Champion bagpiper Brendon Eade will perform with the NZSO in a special concert to celebrate the British & Irish Lions Tour tonight.
Brendon has won every major bagpiping prize going and when he's not playing the pipes he's a doctor in the Waikato.
Brendon will perform a guest solo in Peter Maxwell Davies' An Orkney Wedding with Sunrise at the Michael Fowler Centre as part of the concert Lands of Hope and Glory – it's one of the few times in the orchestra's 70-year history that it will feature a bagpiper.
He says there's good reason why bagpipes are seldom heard in an orchestral setting.
"A couple of worlds collide here – you've got your traditional instrument versus classical instruments, but the main challenge for pipers is we just don't play in a pitch that is particularly sympathetic to playing with other instruments."
Pipe music, he says, is written in the key of A. While concert A is at 440 hertz, pipes play at about 480 hertz so he has had his Highland bagpipes modified for the occasion.
Brendon's bagpipes are made of African blackwood and ivory and older than the NZSO – they were made in the 1930s.
"Generally it's believed that era, the late 1880s early 1900s, the quality of the African blackwood they were made from was superior to today's product. Older pipes are generally deemed to be of excellent quality."
His instrument has four different reeds, three drones with a different reed in each to make the constant sound harmonics in the background and then a 'chanter', which is what the piper holds to play the tune.
The piece Brendon will perform was inspired by a wedding the composer Peter Maxwell Davies attended in Orkney.

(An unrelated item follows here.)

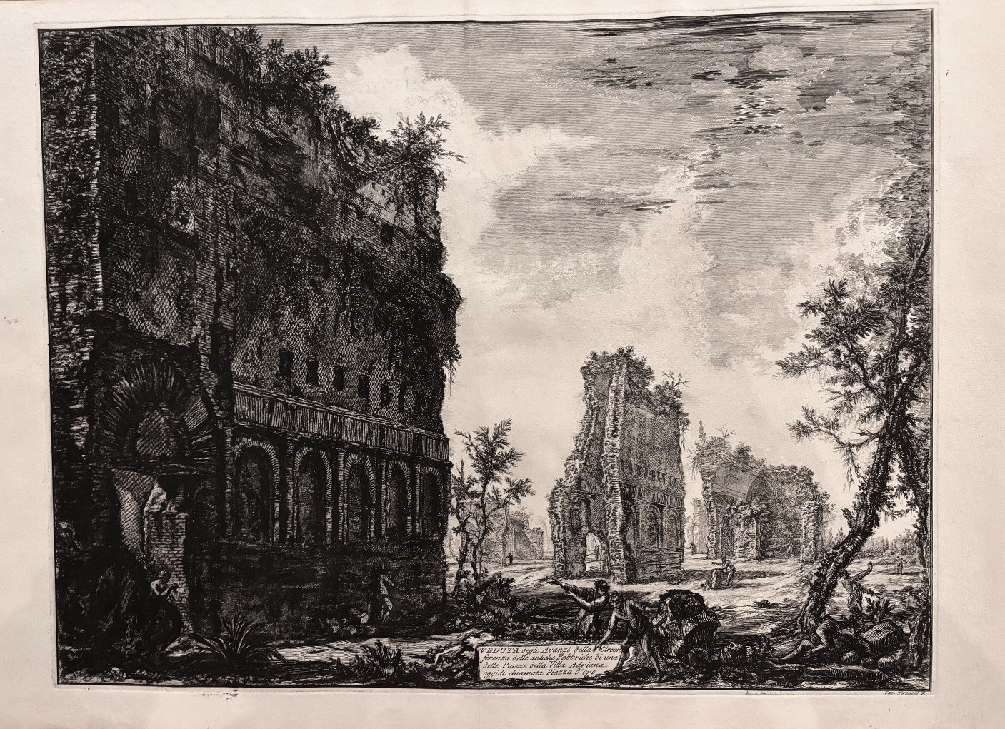 Original etching in its first state ( Hind 132 -I) of the Piazza d´oro that was a large peristyle at the Villa Adriana. The etching represents a brithtaking view with touches of chiaroscuro and dramatic effects with strong imprint of superb quality. Piranesi is considered the most important engraver at Rome during the XVIII century. Piranesi illustrated antiquities,monuments and archeological remains either in Rome and other parts of Italy. His output of etched plates is about 1000 numbers in all and most of them of larger dimensions. Piranesi provided of antiquities and restored antiques to a distinguihed international clientele visiting Rome eager to buy fragments or complete pieces for decorating their houses and palaces across Europe. The Grand Tour visitors of Rome found at the Piranesi´s workshop the best place to buy antiquities and also the etchings and different illustrated books published by Piranesi like Veduta di Roma or Antichita di Roma in 4 volumes.The circulation of Piranesis´s works along Europe meant a first hand knowledge of the classical ruins and the development of the neoclassical taste joint with the work of other authors like Hamilton,Robert Adam and Le Roy that influenced painting, decorative arts, architecture, etc.

"As he was walking home from the wedding he had the idea of the piece. It's supposed to be upbeat and jolly and implies that the orchestra gets slightly more inebriated as the performance goes on!"
Brendon was first exposed to the pipes while watching his sister's Highland dance performances.

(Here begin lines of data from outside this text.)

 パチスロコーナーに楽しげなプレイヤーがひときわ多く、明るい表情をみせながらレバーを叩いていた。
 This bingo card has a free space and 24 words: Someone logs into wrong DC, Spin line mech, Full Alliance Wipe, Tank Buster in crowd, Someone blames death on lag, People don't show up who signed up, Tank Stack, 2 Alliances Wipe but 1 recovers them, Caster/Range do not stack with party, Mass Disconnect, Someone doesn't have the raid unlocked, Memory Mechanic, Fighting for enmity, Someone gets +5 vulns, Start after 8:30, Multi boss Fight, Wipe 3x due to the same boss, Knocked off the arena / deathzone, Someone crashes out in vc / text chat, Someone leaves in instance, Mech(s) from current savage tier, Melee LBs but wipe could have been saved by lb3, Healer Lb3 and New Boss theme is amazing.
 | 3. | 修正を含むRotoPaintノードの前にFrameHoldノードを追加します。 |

"I was really just taken with the sound. I learned in Hamilton with the Hamilton Band under Jim Wilson, you get pulled into the community."

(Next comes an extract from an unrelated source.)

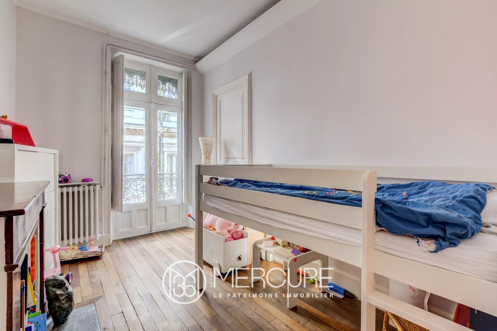 In the heart of the pink city and a stone’s throw from the Victor Hugo market, a 180 m² family flat which is both calm and bright. The flat has a large living room on the street side with four French windows giving access to a large balcony. The fully equipped kitchen has been completely renovated by the owners while retaining its character. iTS 4 bedrooms and an office are ideal for family.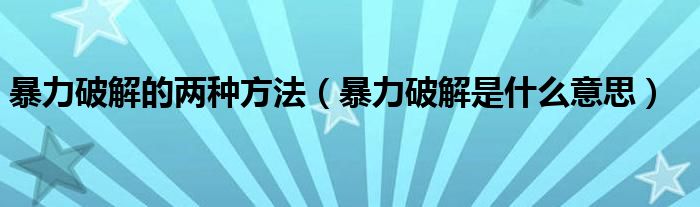 暴力破解的两种方法【暴力破解是什么意思】

Although he enjoys playing in bands, it is the challenge of soloing he likes best.
"I do like the pressure the solo puts on you, you've got to have outstanding technique and an outstanding bagpipe from a sound point of view,"
Brendon refined his technique while he lived in Inverness in Scotland for five years, where he played with some of the best pipers in the world.
"Anyone who's interested in furthering their piping career usually makes their way to Scotland. Maybe if Warren Gatland's listening he could sneak a few more Scottish players into the Lions squad!"